> Data excerpt:
|---|
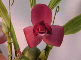 この花は、まだあまり巷には出回っていない新種の花。蘭のお仲間だそうです。・・・んな事は置いといて。よ〜くよ〜く見て下さいまし〜。なんか語りかけられているような感じがしませんか?実物を見ていた時は気が付かなかったのですが、写真を見てビックリ〜(*^O^*)「この花、顔があるぅ〜!」えっ!?なになに?水が欲しいの?「シ〜マン」みたいにきつ〜い一言が帰ってきそうで恐いわぁ(*^m^*)「お前は好きなときに好きなことが出来ていいよな〜。俺なんかさぁ」なんてね。
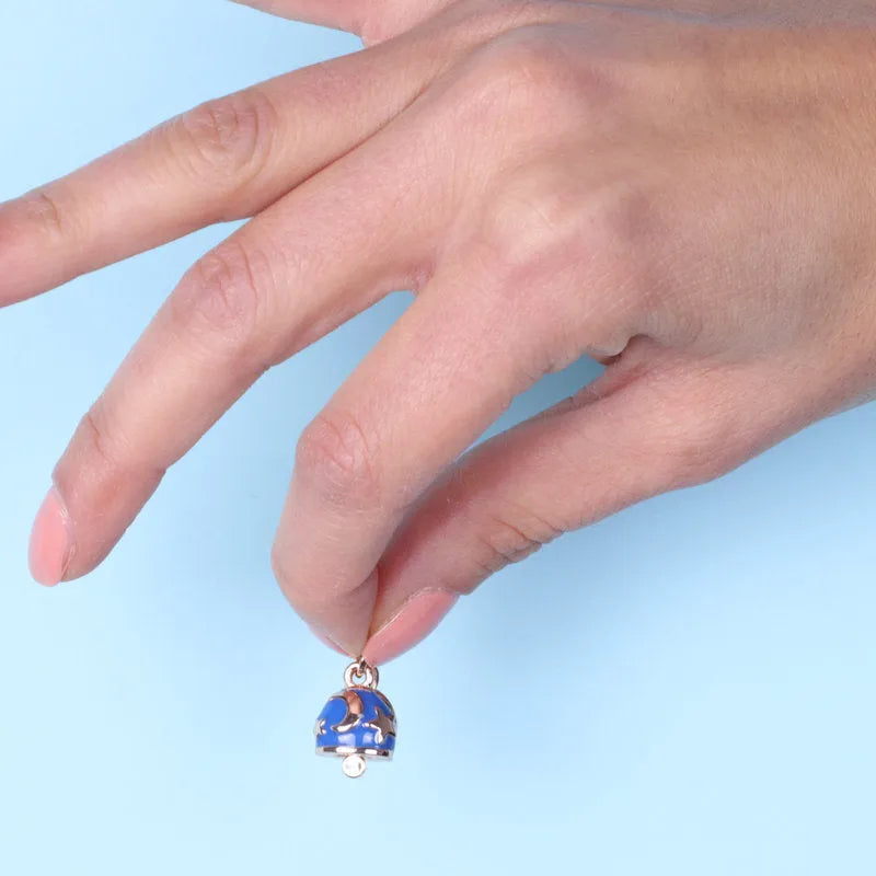 Ciondolo in Metallo con campanella portafortuna smaltata, trama luna e stelle impreziosita da cristalli
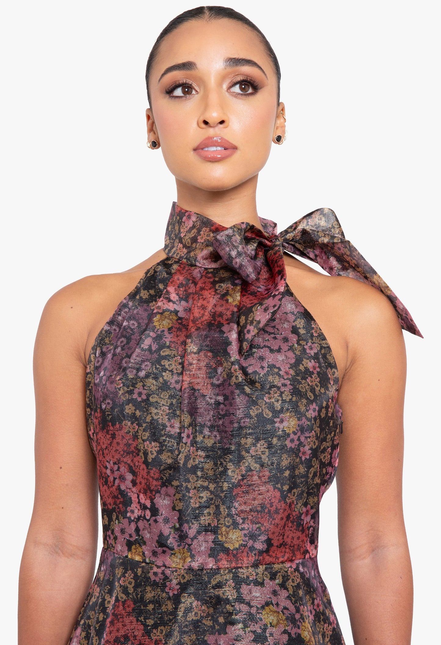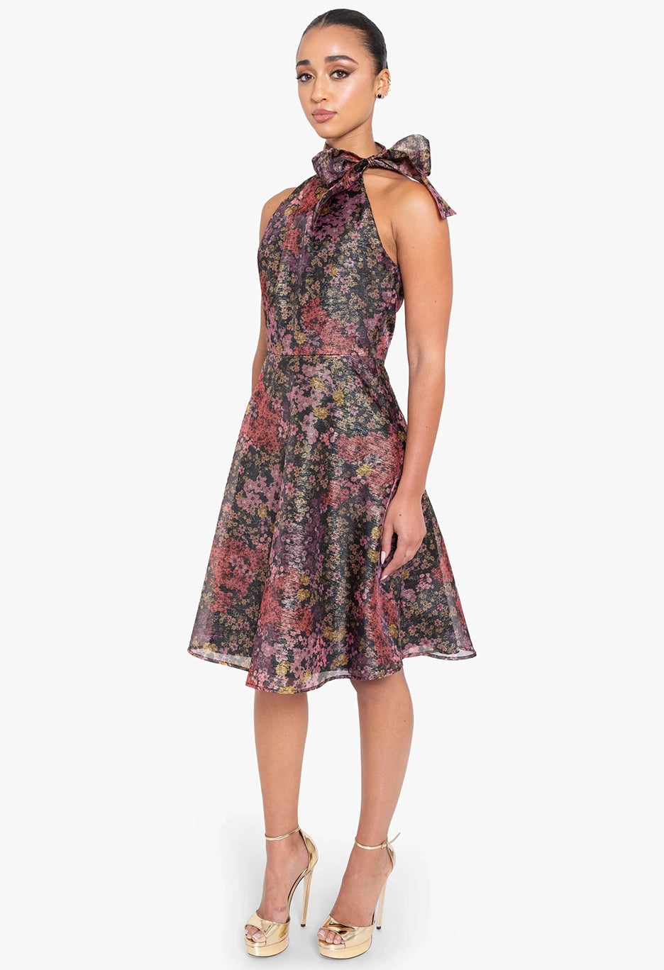 Elevate your evening with this captivating cocktail dress. Designed to highlight your silhouette with a flattering halter neckline and a stylish tie detail, this dress exudes elegance with a twist.
|---|
> What is expected: Reproduce, word for word, the lines from the one containing "Ciondolo in Metallo" to the end of the material, both ends included. No picture is copied.

> Output for this task:
 Ciondolo in Metallo con campanella portafortuna smaltata, trama luna e stelle impreziosita da cristalli
 Elevate your evening with this captivating cocktail dress. Designed to highlight your silhouette with a flattering halter neckline and a stylish tie detail, this dress exudes elegance with a twist.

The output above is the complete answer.